◆ **REQUIRED ACTION**
Return the full set of entries below exactly, leaving every image out.

◆ **TASK INPUTS**
_ _ _ _ _ _ _
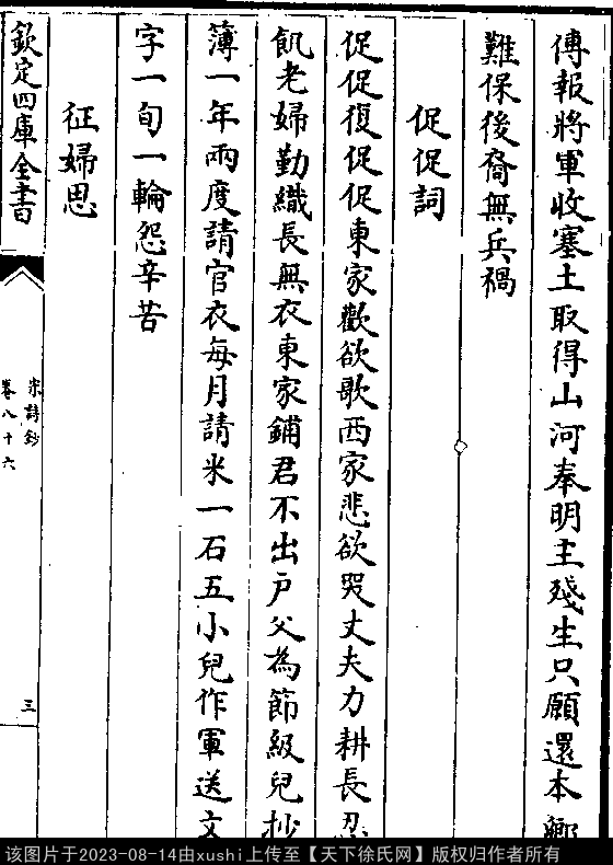 促促词 南宋 · 徐照 促促复促促,东家欢欲歌,西家悲欲哭。 丈夫力耕长忍饥,老妇勤织长无衣。 东家铺兵不出户,父为节级儿抄簿。 一年两度请官衣,每月请米一石五。 小儿作军送文字,旬日一轮怨辛苦。 出处: 《宋詩鈔-清-吳之振》卷八十六(第 3a - 3b 頁)
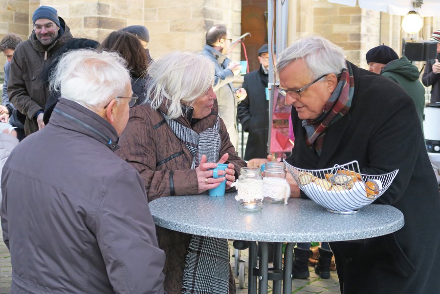 Bischof Wiesemann im Austausch mit Teilnehmenden der Gedenkveranstaltung für die Betroffenen von sexuellem Missbrauch 2023 in Landau © Foto: Henning Wiechers
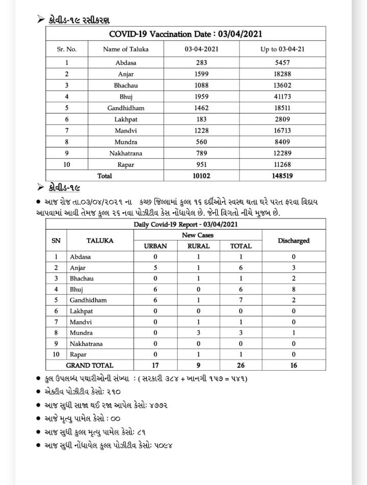 Kutch તા.૦૩/૦૪/૨૦૨૧ ના કચ્છ જિલ્લામાં કુલ્લ ૧૬ દર્દીઓને સ્વસ્થ થતા ઘરે પરત ફરવા વિદાય આપવામાં આવી તેમજ કુલ્લ ૨૬ નવા પોઝીટીવ કેસ નોંધાયેલ છે 5 years ago Kutch Care News Continue Reading Previous તા.૦૨/૦૪/૨૦૨૧ ના કચ્છ જિલ્લામાં કુલ્લ ૧૬ દર્દીઓને સ્વસ્થ થતા ઘરે પરત ફરવા વિદાય આપવામાં આવી તેમજ કુલ્લ ૨૫ નવા પોઝીટીવ કેસ નોંધાયેલ છેNext તા.૦૫/૦૪/૨૦૨૧ ના કચ્છ જિલ્લામાં કુલ્લ ૧૯ દર્દીઓને સ્વસ્થ થતા ઘરે પરત ફરવા વિદાય આપવામાં આવી તેમજ કુલ્લ ૩૦ નવા પોઝીટીવ કેસ નોંધાયેલ છે More Stories Breaking News Gujarat Kutch તબીબી ભથ્થાનો વિકલ્પ બદલવા માંગતા પેન્શનરોએ તિજોરી કચેરી ખાતે અરજી કરવાની રહેશે 10 hours ago Kutch Care News Breaking News Kutch ભુજની રમત ગમત કચેરીમાં સ્પોર્ટ્સ કીટ છેલ્લા ઘણા વર્ષોથી ધૂળ ખાઈ રહી છે 10 hours ago Kutch Care News Breaking News Gujarat Kutch ગુનાહિત ઈતિહાસ ધરાવતા અસામાજિક તત્વો વિરુધ્ધ કરવામાં આવેલ કડક કાર્યવાહી 11 hours ago Kutch Care News
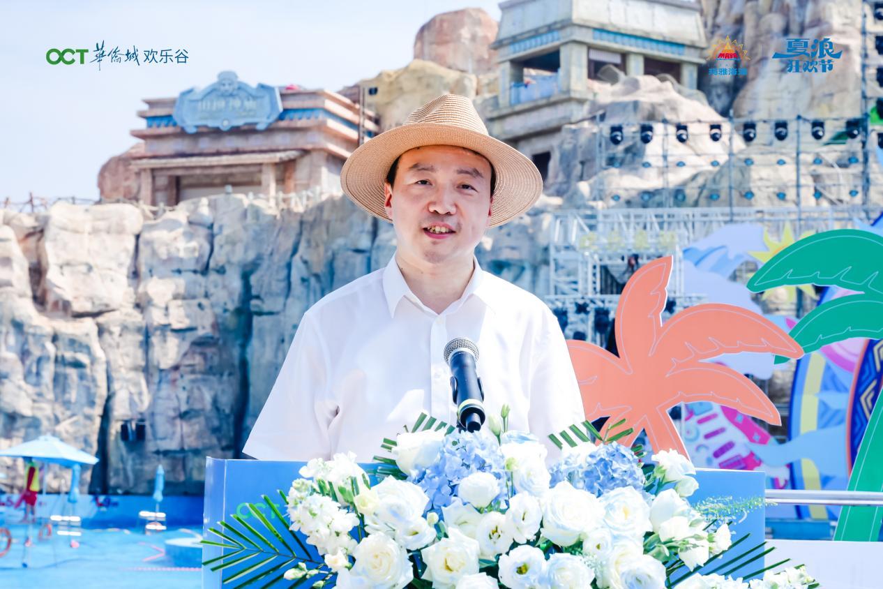 西湖区政府副区长熊珊阳上台致辞,她表示玛雅海滩水公园是华侨城集团入驻江西打造的首个文旅综合体项目,区委区政府将携手南昌华侨城玛雅海滩水公园,诚邀广大市民以水为媒,共游大美南昌的绿水青山,共赏亮丽西湖的繁华似锦。
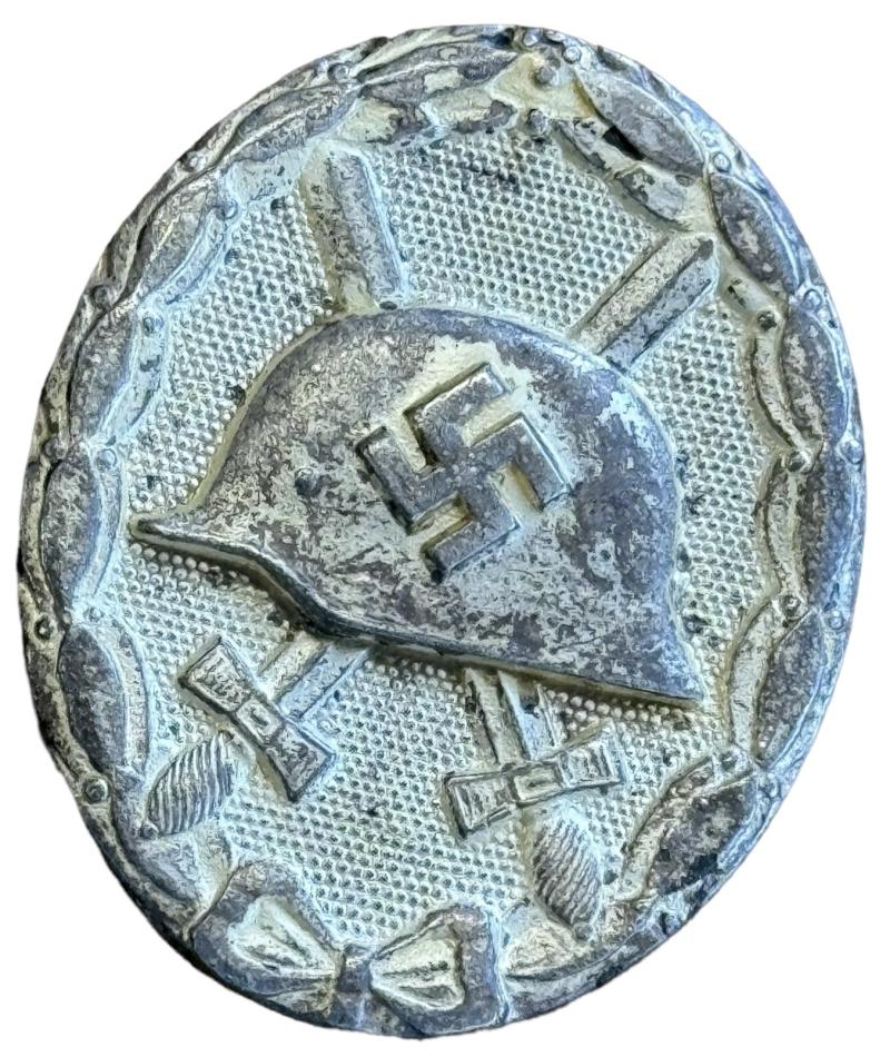 Wehrmacht Wound Badge Silver Nice used Wehrmacht wound badge in silver for 3 combat wounds Nicely maked marked “100” which is “Wächter & Lange, Mittweida” In used but in very good condition.
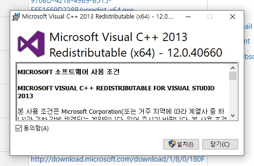 에러창이 표시되면 URL로 들어가 Visual-C 관련 패키지를 설치해 주면 된다.
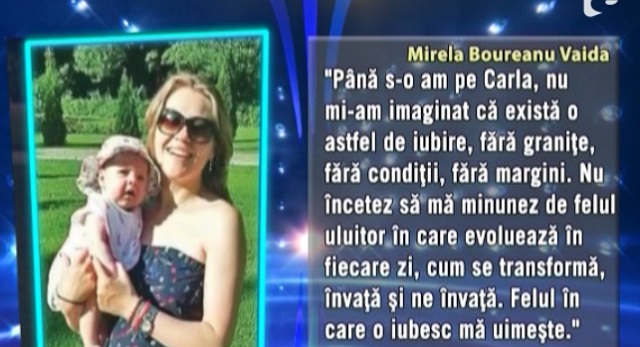 Până s-o am pe Carla nu mi-am imaginat că există o astfel de iubire, fără graniţe, fără condiţii, fără margini. Nu încetez să mă minunez de felul uluitor în care evoluează în fiecare zi, cum se transformă, învaţă şi ne învaţă. Felul în care o iubesc mă uimeşte", a declarat Mirela Boureanu Vaida, potrivit emisiunii "Acces direct", de la Antena 1.
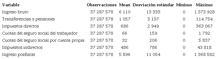 Las bases de datos empleadas aquí provienen del microsimulador de impuestos y transferencias Mexmod. Dicho modelo ha sido desarrollado y validado con los lineamientos del microsimulador Euromod, que incluye los sistemas de impuestos y transferencias de 27 países de la Unión Europea (Sutherland y Figari, 2013), cuyo objetivo es evaluar el impacto que ejercen posibles reformas (de impuestos o transferencias) en la población, en escenarios de tipo contrafactual. Actualmente existen modelos basados en la experiencia europea para más de 40 países. A escala regional, están los modelos Southmod (Etiopía, Ghana, Mozambique, Ruanda, Tanzania, Uganda, Zambia, Vietnam y Ecuador) y Latinmod (Argentina, Bolivia, Colombia, Ecuador, México, Paraguay, Uruguay y Venezuela). En tanto que también se han desarrollado modelos por países como Reino Unido, Serbia, Rusia, Indonesia, Chile y Perú, entre otros (Atkinson, 2015; Sutherland y Figari, 2013; Bargain et al., 2017). Debido a que todos los modelos siguen el mismo marco de armonización de variables de Euromod, los microsimuladores de impuestos y transferencias permiten la comparabilidad de variables entre todos los países y gozan de flexibilidad, simplicidad y transparencia tanto de acceso como de uso. Los modelos -incluido el de Mexmod- están públicamente disponibles en el Centre for Microsimulation and Policy Analysis (CEMPA, 2024).1
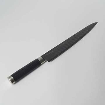 The blade is made of three layers of stainless steel and coated with titanium carbon nitride for durability and exceptional sharpness.
_ _ _ _ _ _ _
◆ **RESPONSE TO THIS EXERCISE**
 促促词 南宋 · 徐照 促促复促促,东家欢欲歌,西家悲欲哭。 丈夫力耕长忍饥,老妇勤织长无衣。 东家铺兵不出户,父为节级儿抄簿。 一年两度请官衣,每月请米一石五。 小儿作军送文字,旬日一轮怨辛苦。 出处: 《宋詩鈔-清-吳之振》卷八十六(第 3a - 3b 頁)
 Bischof Wiesemann im Austausch mit Teilnehmenden der Gedenkveranstaltung für die Betroffenen von sexuellem Missbrauch 2023 in Landau © Foto: Henning Wiechers
 Kutch તા.૦૩/૦૪/૨૦૨૧ ના કચ્છ જિલ્લામાં કુલ્લ ૧૬ દર્દીઓને સ્વસ્થ થતા ઘરે પરત ફરવા વિદાય આપવામાં આવી તેમજ કુલ્લ ૨૬ નવા પોઝીટીવ કેસ નોંધાયેલ છે 5 years ago Kutch Care News Continue Reading Previous તા.૦૨/૦૪/૨૦૨૧ ના કચ્છ જિલ્લામાં કુલ્લ ૧૬ દર્દીઓને સ્વસ્થ થતા ઘરે પરત ફરવા વિદાય આપવામાં આવી તેમજ કુલ્લ ૨૫ નવા પોઝીટીવ કેસ નોંધાયેલ છેNext તા.૦૫/૦૪/૨૦૨૧ ના કચ્છ જિલ્લામાં કુલ્લ ૧૯ દર્દીઓને સ્વસ્થ થતા ઘરે પરત ફરવા વિદાય આપવામાં આવી તેમજ કુલ્લ ૩૦ નવા પોઝીટીવ કેસ નોંધાયેલ છે More Stories Breaking News Gujarat Kutch તબીબી ભથ્થાનો વિકલ્પ બદલવા માંગતા પેન્શનરોએ તિજોરી કચેરી ખાતે અરજી કરવાની રહેશે 10 hours ago Kutch Care News Breaking News Kutch ભુજની રમત ગમત કચેરીમાં સ્પોર્ટ્સ કીટ છેલ્લા ઘણા વર્ષોથી ધૂળ ખાઈ રહી છે 10 hours ago Kutch Care News Breaking News Gujarat Kutch ગુનાહિત ઈતિહાસ ધરાવતા અસામાજિક તત્વો વિરુધ્ધ કરવામાં આવેલ કડક કાર્યવાહી 11 hours ago Kutch Care News
 西湖区政府副区长熊珊阳上台致辞,她表示玛雅海滩水公园是华侨城集团入驻江西打造的首个文旅综合体项目,区委区政府将携手南昌华侨城玛雅海滩水公园,诚邀广大市民以水为媒,共游大美南昌的绿水青山,共赏亮丽西湖的繁华似锦。
 Wehrmacht Wound Badge Silver Nice used Wehrmacht wound badge in silver for 3 combat wounds Nicely maked marked “100” which is “Wächter & Lange, Mittweida” In used but in very good condition.
 에러창이 표시되면 URL로 들어가 Visual-C 관련 패키지를 설치해 주면 된다.
 Până s-o am pe Carla nu mi-am imaginat că există o astfel de iubire, fără graniţe, fără condiţii, fără margini. Nu încetez să mă minunez de felul uluitor în care evoluează în fiecare zi, cum se transformă, învaţă şi ne învaţă. Felul în care o iubesc mă uimeşte", a declarat Mirela Boureanu Vaida, potrivit emisiunii "Acces direct", de la Antena 1.
 Las bases de datos empleadas aquí provienen del microsimulador de impuestos y transferencias Mexmod. Dicho modelo ha sido desarrollado y validado con los lineamientos del microsimulador Euromod, que incluye los sistemas de impuestos y transferencias de 27 países de la Unión Europea (Sutherland y Figari, 2013), cuyo objetivo es evaluar el impacto que ejercen posibles reformas (de impuestos o transferencias) en la población, en escenarios de tipo contrafactual. Actualmente existen modelos basados en la experiencia europea para más de 40 países. A escala regional, están los modelos Southmod (Etiopía, Ghana, Mozambique, Ruanda, Tanzania, Uganda, Zambia, Vietnam y Ecuador) y Latinmod (Argentina, Bolivia, Colombia, Ecuador, México, Paraguay, Uruguay y Venezuela). En tanto que también se han desarrollado modelos por países como Reino Unido, Serbia, Rusia, Indonesia, Chile y Perú, entre otros (Atkinson, 2015; Sutherland y Figari, 2013; Bargain et al., 2017). Debido a que todos los modelos siguen el mismo marco de armonización de variables de Euromod, los microsimuladores de impuestos y transferencias permiten la comparabilidad de variables entre todos los países y gozan de flexibilidad, simplicidad y transparencia tanto de acceso como de uso. Los modelos -incluido el de Mexmod- están públicamente disponibles en el Centre for Microsimulation and Policy Analysis (CEMPA, 2024).1
 The blade is made of three layers of stainless steel and coated with titanium carbon nitride for durability and exceptional sharpness.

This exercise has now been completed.